A Malaysian gambling firm has mustered sufficient shares in Stanley Leisure, a major British casino company, to legitimise a takeover bid worth approximately £639 million.
Genting International succeeded in acquiring the 30 per cent stake in Stanley Leisure it needed to allow a full takeover bid after it persuaded Lord Steinberg, Stanley Leisure's chairman, to sell his shares in the firm.
With Lord Steinberg's 10.6 per cent of shares, Genting International's existing shares in the firm and the exercising of a call option, the Malaysian firm has mustered 30.5 per cent of the company's shares – exceeding the 30 per cent it needed to require a full takeover bid.
As a result the offer, worth 860 pence per share, was made and has been welcomed by Stanley Leisure's chief executive, Bob Wiper.
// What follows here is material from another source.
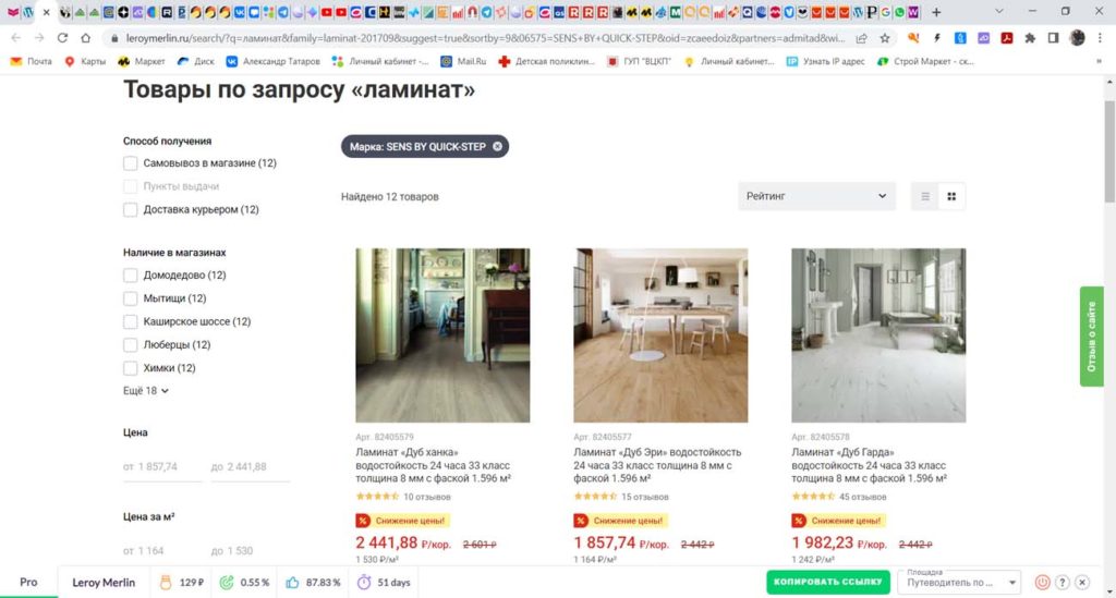 Итог: Ламинат Quick Step, Sens, Clic&Go к покупке рекомендую. Отличающая особенность этого бренда — возможность качественного монтажа при наличии дверей. Что ставит Квик Степ в ряд лучших производителей ламината.

"We are pleased to announce this recommended offer from Genting International. We believe that it represents fair value and provides appropriate certainty for our shareholder," Mr Wiper said.
"We believe that, under Genting International's stewardship, exciting opportunities for the company and its employees will continue in the future."
The firm had been a joint venture partner and "supportive shareholder" in Stanley Leisure since November 2004, Mr Wiper added.
Stanley Leisure owns 45 casinos, including four in the UK. Ongoing plans for the development of "supercasinos" in different regions of Britain had encouraged massive interest in the untapped British market but political opposition has reduced the number from 20 to just one.
Despite this, Tan Sri Lim Kok Thay, chairman of Genting International, looked forward to expanding in Europe in the long-term.
"We are delighted that the board of Stanley is recommending this offer and look forward to Stanley joining Genting International to create an even stronger base for its future in the UK and the rest of Europe," he said.